(Records excerpted from a collection)

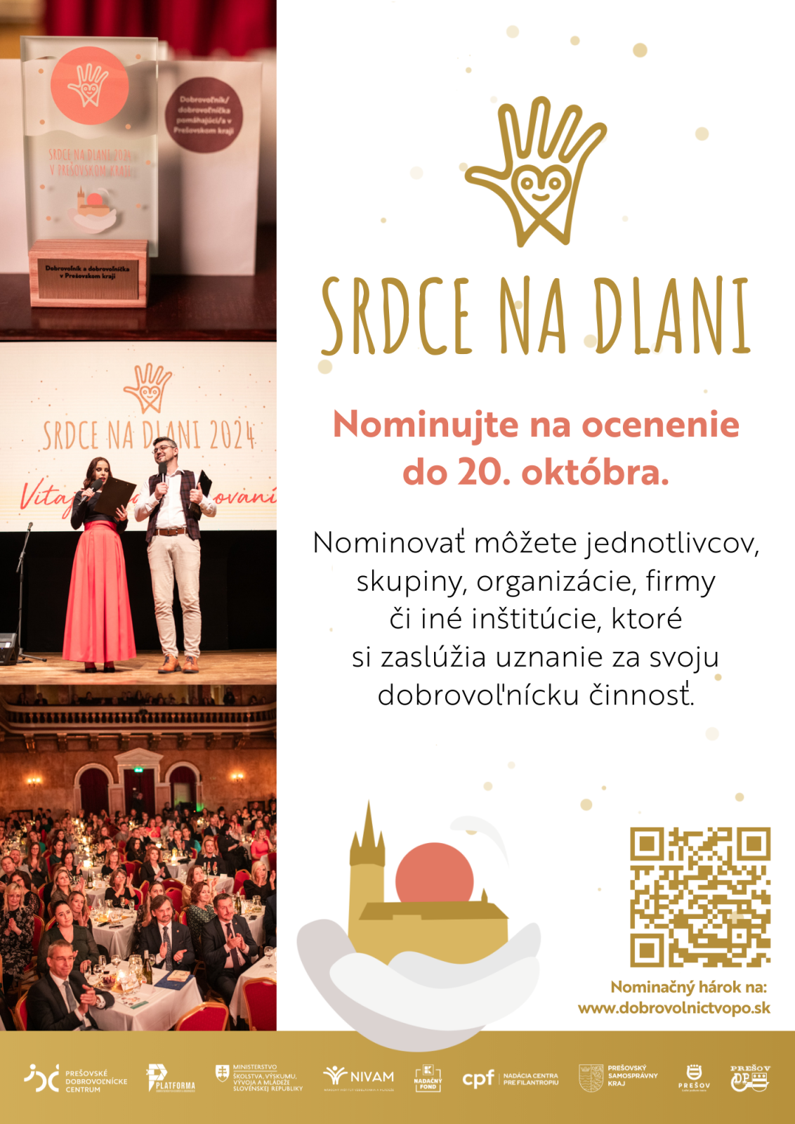 Oceňovanie inšpiratívnych dobrovoľníckych skutkov a projektov v Prešovskom kraji Srdce na dlani sa uskutoční aj tento rok. Nominácie v 9 kategóriách môžete zasielať od 16. septembra do 20. októbra 2025.
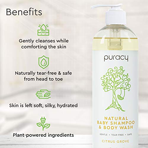 Puracy Natural Baby Shampoo & Body Wash, Plant-Derived Baby Shampoo & Baby Wash, Gentle Soap for Sensitive Skin, Tear-Free, 16 Fl Oz (2-Pack) Packaging May Vary
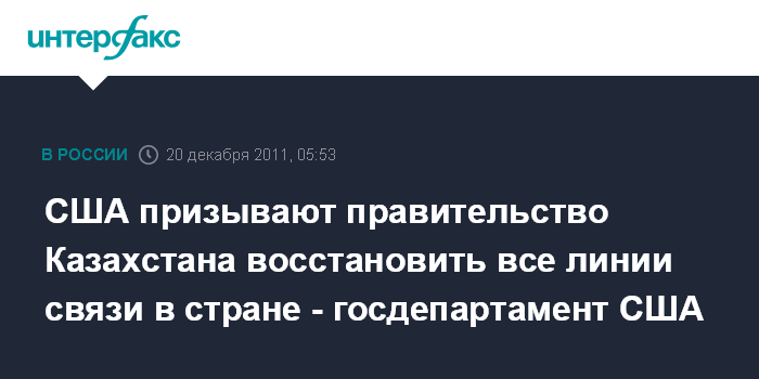 США призывают правительство Казахстана восстановить все линии связи в стране - госдепартамент США
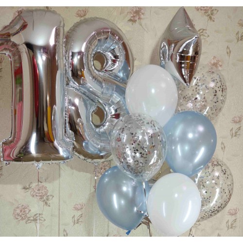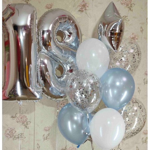- Фольгированная цифра 18, наполненная гелием, которая станет центром вашего праздника.
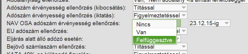 NAV OSA adószám ellenőrzés kikapcsolhatósága |
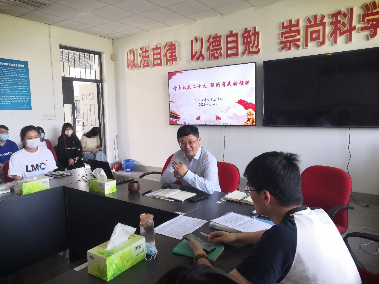 最后,刘书记指出,在疫情防控期间,学院积极为同学们开展了诸如考研辅导、法学趣味、法学理论与实践等诸多讲座。希望各位青年党员同志在学生群体中做好表率作用,积极传递和加强学院和本科生之间的联系,在学习、工作和升学中取得优异的成绩。希望全院广大青年牢记党的教诲,立志民族复兴,不负韶华,不负时代,不负人民,在青春的赛道上奋力奔跑,争取跑出当代青年的最好成绩。
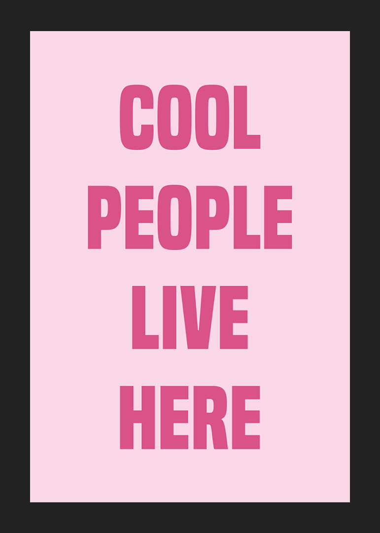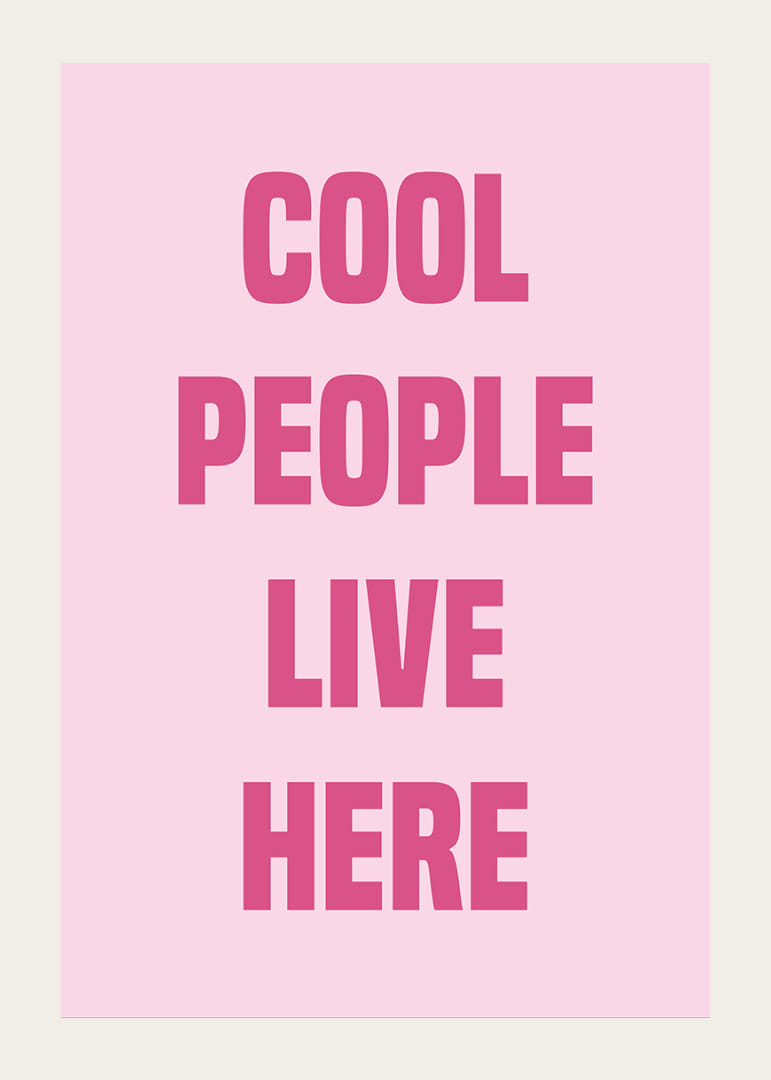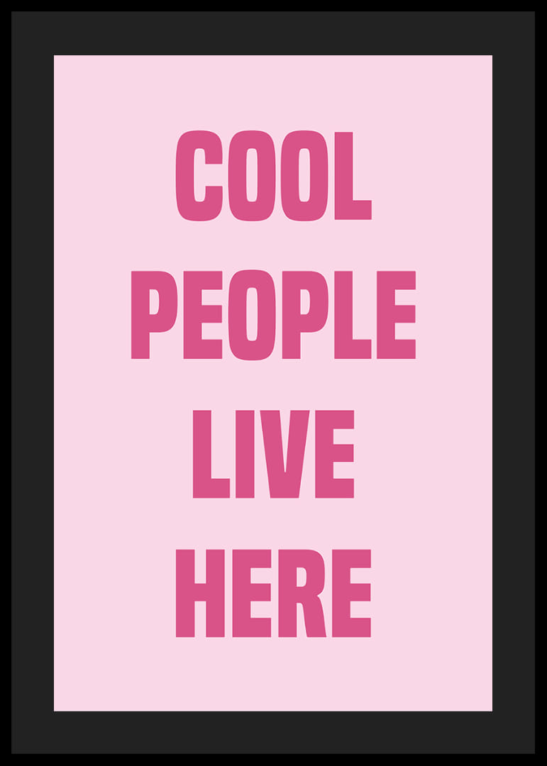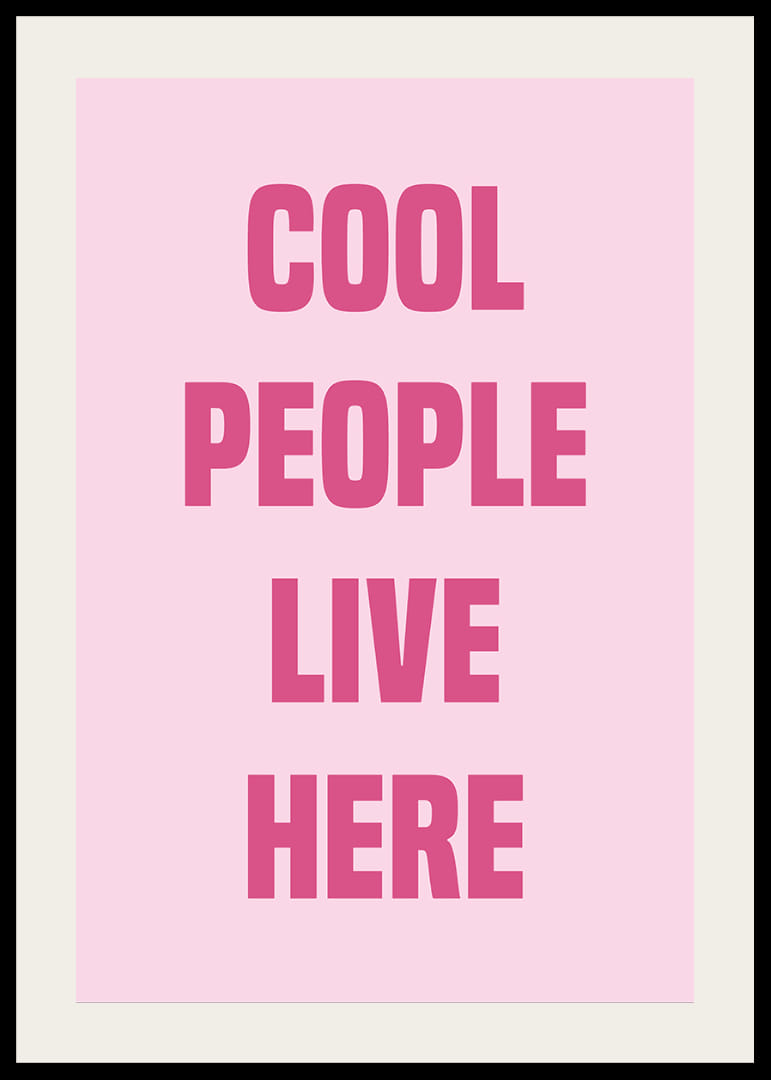 Denne plakat udstråler selvtillid og stil med sine dristige lyserøde bogstaver mod en blød baggrund. Ordene "Cool People Live Here" skaber en moderne og indbydende atmosfære, der ville være perfekt til en trendy stue eller soveværelse. Plakaten vil forvandle ethvert rum til et udtryk for individualitet og urban elegance og tilføje et strejf af sofistikering og legesyge til dit hjem.

--- Task to complete ---
The exact lines from the one containing "NAV OSA adószám" through the end of the data are to be copied, with both ends kept and pictures left out.

--- Answer space ---
 NAV OSA adószám ellenőrzés kikapcsolhatósága |
 最后,刘书记指出,在疫情防控期间,学院积极为同学们开展了诸如考研辅导、法学趣味、法学理论与实践等诸多讲座。希望各位青年党员同志在学生群体中做好表率作用,积极传递和加强学院和本科生之间的联系,在学习、工作和升学中取得优异的成绩。希望全院广大青年牢记党的教诲,立志民族复兴,不负韶华,不负时代,不负人民,在青春的赛道上奋力奔跑,争取跑出当代青年的最好成绩。
 Denne plakat udstråler selvtillid og stil med sine dristige lyserøde bogstaver mod en blød baggrund. Ordene "Cool People Live Here" skaber en moderne og indbydende atmosfære, der ville være perfekt til en trendy stue eller soveværelse. Plakaten vil forvandle ethvert rum til et udtryk for individualitet og urban elegance og tilføje et strejf af sofistikering og legesyge til dit hjem.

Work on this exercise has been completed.